- Roman Storm stanie przed sądem 2 grudnia pod zarzutem prania pieniędzy za pośrednictwem Tornado Cash.
- Sędzia odrzucił obronę Storma, który twierdził, że jego kod jest chroniony przez Pierwszą Poprawkę.
- Oskarżenie musi jednak udowodnić, że Storm wiedział, iż miał dochody pochodzące z przestępstwa, a nie podać konkretne szczegóły.
Roman Storm, współzałożyciel serwisu do miksowania kryptowalut Tornado Cash, ma stanąć przed sądem 2 grudnia 2024 r. w Nowym Jorku po tym, jak federalny sędzia USA odrzucił jego wniosek o oddalenie zarzutów prania pieniędzy.
Sędzia okręgowa Katherine Polk Failla z Południowego Dystryktu Nowego Jorku odrzuciła oddalenie podczas telekonferencji 26 września, kierując sprawę do sądu.
Założyciele Tornado Cash stoją przed wieloma zarzutami
Storm, obok współzałożyciela Romana Semenova, stoi przed wieloma zarzutami , w tym spiskiem w celu prania pieniędzy, spiskiem w celu naruszenia International Economic Emergency Powers Act (IEEPA) i spiskiem w celu prowadzenia nielicencjonowanej działalności polegającej na przekazywaniu pieniędzy.
Zarzuty wynikają z zarzutów, że Tornado Cash ułatwiło pranie ponad 1 miliarda dolarów dochodów z przestępstwa, z których część była powiązana z wspieraną przez Koreę Północną grupą cyberprzestępczą Lazarus.
We wniosku o oddalenie zarzutów zespół prawny Storma argumentował, że jego rola w opracowaniu oprogramowania Tornado Cash była chroniona na mocy Pierwszej Poprawki.
Jednak sędzia Failla odrzuciła to roszczenie, twierdząc, że „funkcjonalna zdolność” kodu nie jest równoznaczna z wolnością słowa zgodnie z definicją zawartą w Pierwszej Poprawce. Podkreśliła, że wysiłki rządu w celu zwalczania prania pieniędzy i unikania sankcji były „całkowicie niezwiązane” z tłumieniem wolności słowa.
Sąd orzekł również, że kontrola nie była koniecznym elementem zarzutów na podstawie ustawy z 1960 r. i odrzucił argument, że Storm musiał być świadomy konkretnych działań przestępczych.
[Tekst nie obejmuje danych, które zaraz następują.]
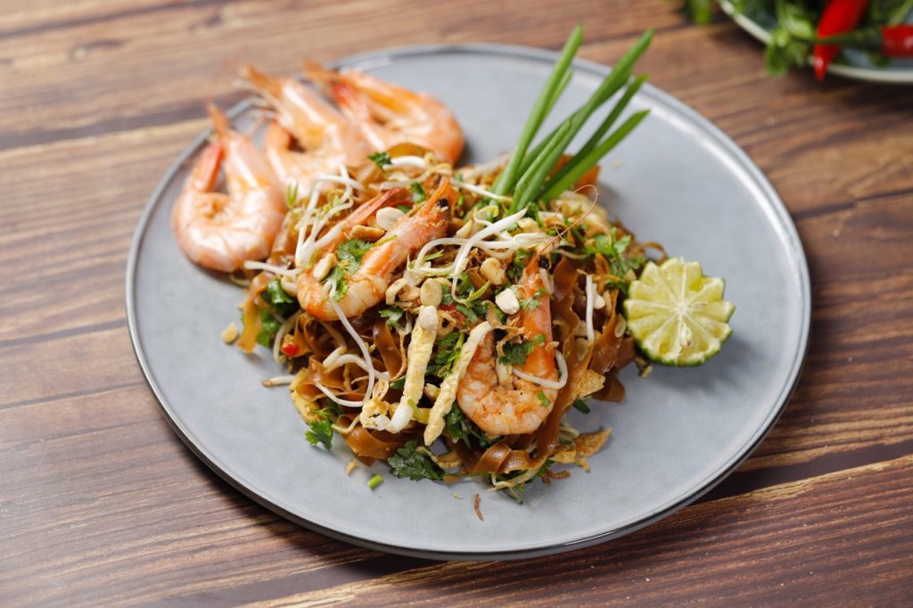 Rưới nước sốt vào bát đựng mì và giá, thêm trứng thái sợi, tôm hấp vào bát, trộn đều cho các nguyên liệu hoàn quyện với sốt. Cho pad Thái ra đĩa, trang trí thêm ½ quả ớt thái sợi, lạc rang, hành lá, rau mùi ta, hành phi, chanh bổ múi cau trước khi thưởng thức.

Zamiast tego oskarżenie musi jedynie udowodnić, że Storm wiedział, że ma do czynienia z dochodami z przestępstwa.
Sędzia oddalił argumenty dotyczące należytego procesu, stwierdzając, że stan umysłu i zamiar Storma były kwestiami, które musi rozstrzygnąć ława przysięgłych.
Sędzia Failla zauważył ponadto, że Tornado Cash nie różniło się „znacząco” od tradycyjnych usług finansowych i firm przekazujących pieniądze, tym samym pociągając Storma do odpowiedzialności na mocy obowiązujących przepisów.
Proces, który ma potrwać dwa tygodnie, może ustanowić precedens dla sposobu, w jaki programiści oprogramowania są traktowani na mocy prawa USA, gdy ich technologia jest wykorzystywana do nielegalnych celów. Roman Semenov, współzałożyciel Storm, pozostaje na wolności.